CIOs are facing increasing pressure to incorporate AI into processes across their organizations. However, large-scale AI deployments can prove difficult, especially for multinational companies facing digital sovereignty requirements in countries outside the United States.

Countries such as the European Union, Canada, Germany, India, and Australia have enacted extensive legislation governing digital infrastructure, often enforcing data localization requirements and other measures. Protect your data and technology infrastructure.

Vendors are compliant. For example, SAP Introducing EU AI Cloud in december Helps support customers’ AI adoption in countries with strict regulatory environments.

Multinational companies are realizing that digital sovereignty requirements make it “virtually impossible to think about introducing consistency or scale into their AI investments,” Villers said.

Gartner predicts over 75% A percentage of companies outside the US plan to adopt a digital sovereignty strategy supported by a sovereign cloud strategy. According to a survey of 241 Western European CIOs and IT leaders. Of those surveyed,61% cite geopolitical factors as a driving force behind local or regional cloud providers.

Sovereign clouds can help enterprises meet local data requirements incrementally, but they often lack the consistency needed to replicate AI investments across different parts of the organization. Villars Said. This is a major barrier preventing companies from considering large-scale AI implementation, he added.

“What IBM has announced with this system is an approach that allows businesses to regain some of that consistency.” Villars Said.

IBM Sovereign Core is built on Red Hat’s open source foundation. It provides a customer-operated control plane, allowing enterprises to maintain direct authority over operations, deployment and system configuration, the company said.

The platform enables continuous compliance by generating evidence that data is stored and managed within sovereign boundaries and enables the deployment of AI models.
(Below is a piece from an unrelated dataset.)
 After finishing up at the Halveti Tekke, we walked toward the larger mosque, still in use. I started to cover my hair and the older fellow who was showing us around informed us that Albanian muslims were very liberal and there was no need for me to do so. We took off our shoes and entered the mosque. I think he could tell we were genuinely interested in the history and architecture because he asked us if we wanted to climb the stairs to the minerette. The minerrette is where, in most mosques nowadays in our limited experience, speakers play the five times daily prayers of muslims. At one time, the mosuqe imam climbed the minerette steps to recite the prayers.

Performing local inference IBM says it can operate agents under local governance without exporting data to external providers.

Customers can deploy products in on-premises data centers, in-region cloud infrastructure, or via an IT service provider.
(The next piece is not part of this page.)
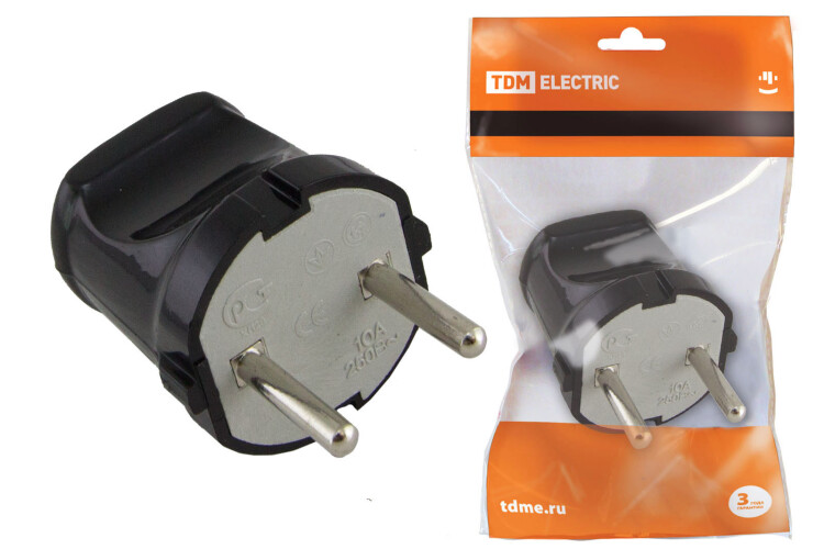 Вилка б/з черная 6А 250В TDM (кр.50шт)
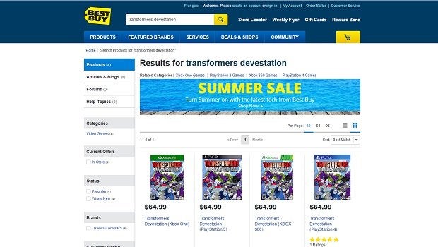Best Buy biedt Transformers Devastation aan voor de PlayStation 3, PlayStation 4, Xbox 360 en Xbox One. De game lanceert op 6 oktober 2015 en wordt uitgegeven door Activision.

“This is sovereign by design.” Priya Srinivasan, general manager of IBM software products, said: said CIO Dive. The product’s Compliance Center comes pre-built with country-specific sovereign frameworks with such rules, but Srinivasan said it can also be customized.

There is no single solution that addresses all sovereignty needs. IBM Sovereign Core is also not as comprehensive as a complete suite of cloud services, Villars said. However, this product is a standard building block that allows companies to build data “in siled” from the same foundation.
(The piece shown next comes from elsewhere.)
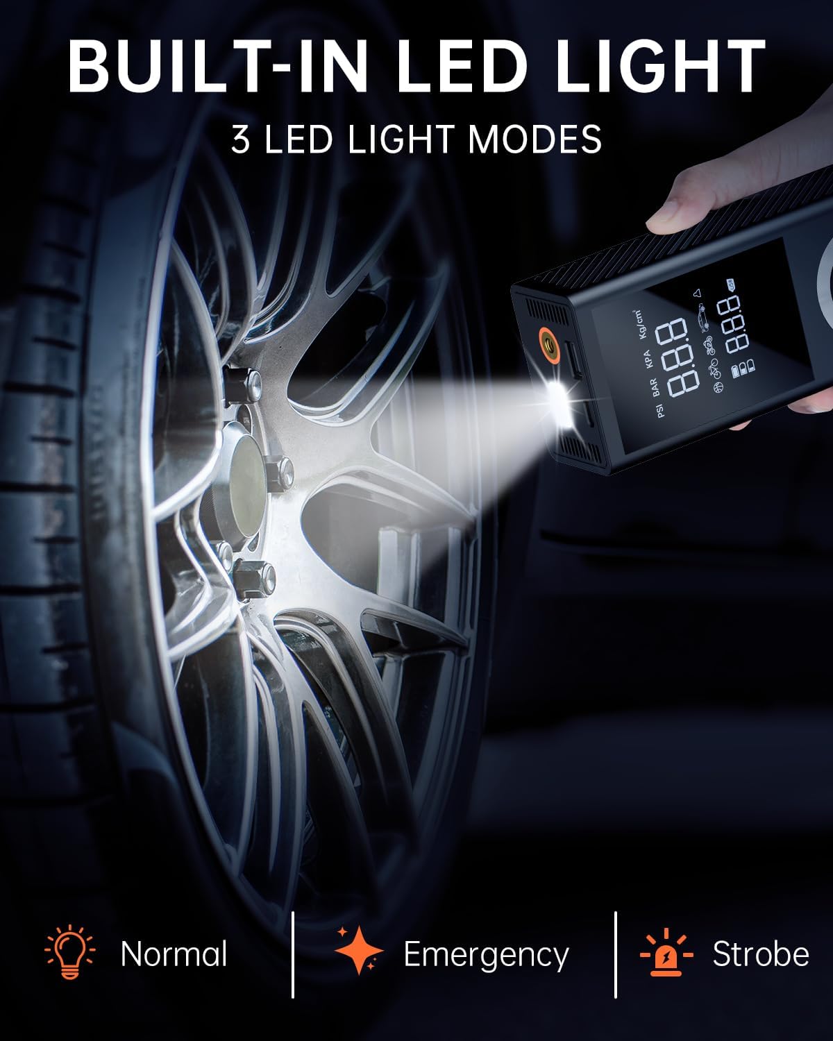 - Multi-Function Tool: This portable air compressor is a multi-functional emergency tool. It features an LED light for inflating in the dark, changing tires, or signaling other vehicles at night. In addition, it comes with a Type-C charging port and a 5V/2A USB output port, which can double as an emergency power bank for electronic devices.

As CIOs struggle to manage AI deployments due to sovereignty constraints, hyperscalers and infrastructure companies will look to offerings such as IBM Sovereign Core and SAP EU AI Cloud to overcome these challenges.

“Some of our most important customers, some of our largest customers, some of the places that rely the most on AI to have a positive impact, are going to be areas where the ability to address sovereignty requirements in a scalable way is absolutely necessary.” Villars Said.